A customer could train the neural network on previous DDoS attacks to help it identify a similar event in the future.

"Now, the action could be local on the chip, it could be just okay. When you see this, this one of these DDoS flows starting up, disrupt the flow, and drop the packet. In parallel, it can also do things like create a notification when you first identify this and send it up to the Network Operation Center."

AI and ML runs can sometimes suffer from an incast event, where the number of storage servers sending data to a client goes past the ability of an Ethernet switch to buffer packets, which can cause significant packet loss.

"It cn detect this - if there's an accumulation of the buffer due to an incast, it could read that signature and say, 'Okay, I can take very fast action to start back pressure, maybe some of these flows, or do something else,'" Grinley said. "In an AI/ML workload, it goes in phases, and you only have a few milliseconds between phases.
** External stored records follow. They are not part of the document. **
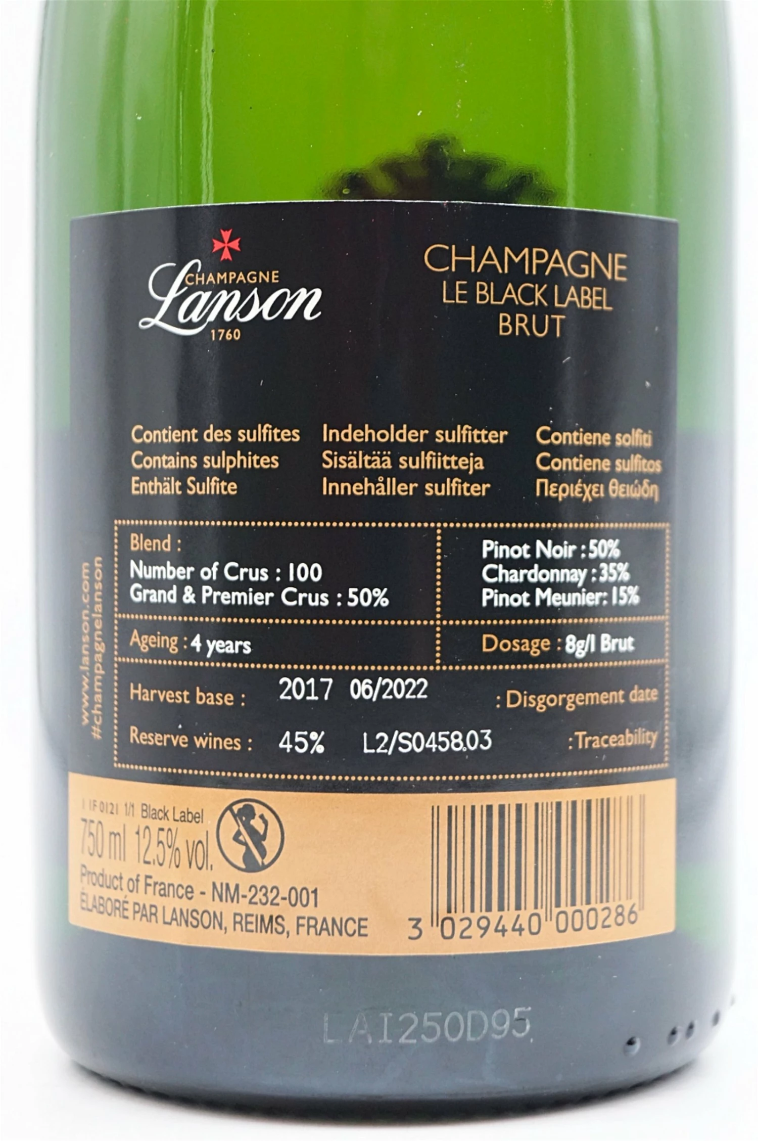 In diesem Sparset erhälst 6 x 0,75 Liter Flaschen Lanson Champagner Le Black Label Brut!
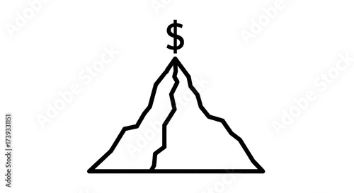 Dollar sign atop a mountain peak illustrating financial success and ambition
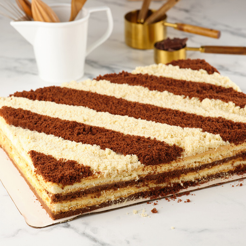 Thin layers of honey-caramel sponge combined with creamy filling and delicate caramel.
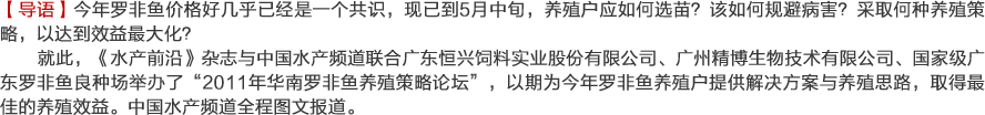 | 10:00-10:30 | 羅非魚良種的選擇及其高效養(yǎng)殖技術(shù) | 國(guó)家級(jí)廣東省羅非魚良種場(chǎng):葉衛(wèi) 場(chǎng)長(zhǎng) | |||
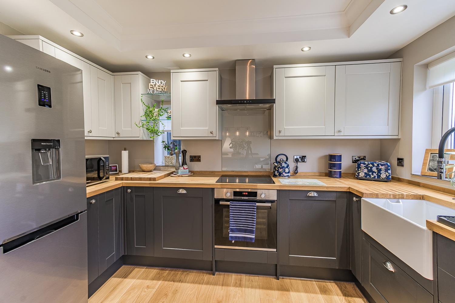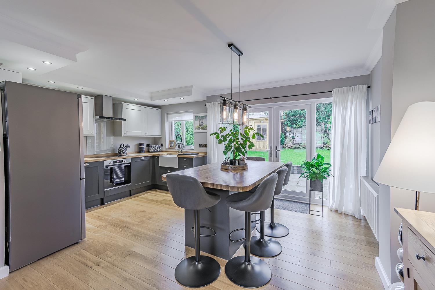 Smoothly plastered ceiling with coving and inset lights, smoothly plastered walls, engineered oak wood flooring, wall mounted radiator. UPVC double glazed patio door to rear garden. UPVC double glazed window with obscured glass to the side elevation. UPVC double glazed window to the rear elevation. Shaker style Howden's kitchen, comprising of wall and base units, solid oak worktops. Integrated hob, integrated oven, stainless steel cooker hood, integrated dishwasher. Integrated washer dryer. Belfast sink with waste disposal and mixer tap with spray hose facility. Space for fridge freezer. Central island with storage and space for dining. Wooden door leading to W.C. Cloakroom.
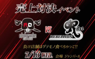 7月13日ロッシュにて 本日もロッシュ1st vs リベリオン1st対決イベントご来店いただき誠にありがとうございます! 本日のNo.1はおいでやす代表です! お…

You don't have time to involve software in the loop and try to make some decisions as to what to do."

With NetGNT running in parallel, "there's no software in the loop where the more complex the packet processing, the longer it'll take. Whether NetGNT is on or off, the latency for any packet through our chip is the same."

Given the unique requirements of different networks, it's important to note that NetGNT does not work out of the box. "The only thing that we provide here is the hardware model: How many neurons? How are they connected? What are the big weights, et cetera."

The rest, the customer has to train with the model. "Somebody has to go look at huge amounts of packet trace data - here's my network when it's operating fine; this is the thing I want to track, incast, denial of service, some other security event, whatever it is," Grinley said.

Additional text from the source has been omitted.